Genetic identification of activin βB as the factor downstream of WNT4/β-catenin that is responsible for inducing female germ cell loss

The TGFβ superfamily has been shown to play a role in inducing apoptosis [28], [29]. In the case of freemartins, where female embryos were exposed to anti-Müllerian hormone, a member of the TGFβ superfamily, germ cell loss was observed [30], [31]. Therefore, we screened various TGFβ family members that showed an increased expression in the fetal ovary lacking either Wnt4 or β-catenin. We found that mRNA expression of activin βB (Inhbb) was significantly elevated in the Wnt4 KO ovaries [32] and β-catenin cKO ovary compared to the control (Fig. 4A–B). In addition, introduction of the active β-catenin to the Wnt4 KO ovary decreased Inhbb mRNA expression to the level similar to that in the control (Fig. 4C). We therefore hypothesized that if elevated Inhbb is indeed responsible for female germ cell loss in the absence of Wnt4, removal of Inhbb in the Wnt4 KO background should reverse this phenotype.

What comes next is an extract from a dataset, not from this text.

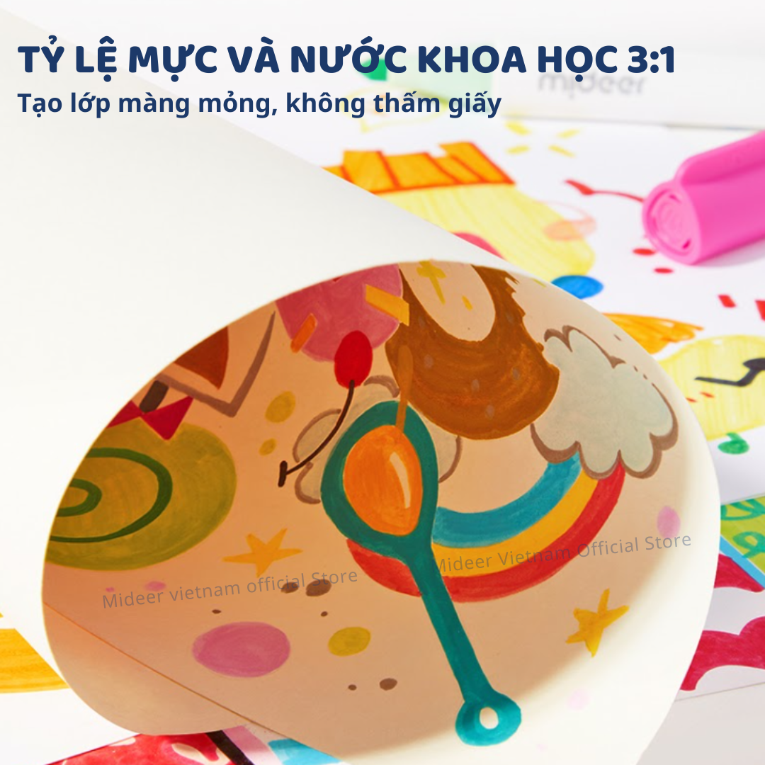 - Mực gốc nước không chứa cồn và an toàn cho trẻ nhỏ- Không có chất phụ gia gây hại, giúp trẻ thoải mái sáng tạo mà không lo ngại về sức khỏe.
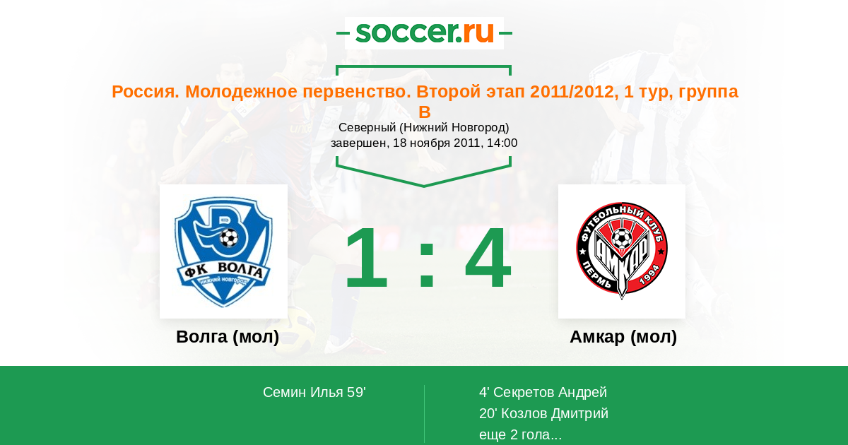Протокол матча Волга (мол) против Амкар (мол)

Indeed, in the Wnt4−/−; Inhbb−/− double KO ovary, female germ cell number was significantly increased compared to the Wnt4 single KO at birth (Fig. 4D–F, n = 3). To monitor the status of germ cell meiosis, we examined the expression of SCP3, a meiosis marker, in control, Wnt4 single knockout, and Wnt4−/−; Inhbb−/− double KO ovaries at 15.5 dpc the time before the germ cell demise occurred in the Wnt4 KO ovary. Female germ cells in the Wnt4−/−; Inhbb−/− double KO ovary entered meiosis properly as evident by double immunostaining for SCP3 and TRA98 (Fig. 4J–L). Similar to the Wnt4 single knockout ovary, ectopic CYP17-positive cells and epididymal structure were found in the Wnt4−/−; Inhbb−/− double KO ovary but were absent in the control female at birth (Fig. 4G–I), further supporting that ectopic production of androgen is not responsible for the loss of female germ cells.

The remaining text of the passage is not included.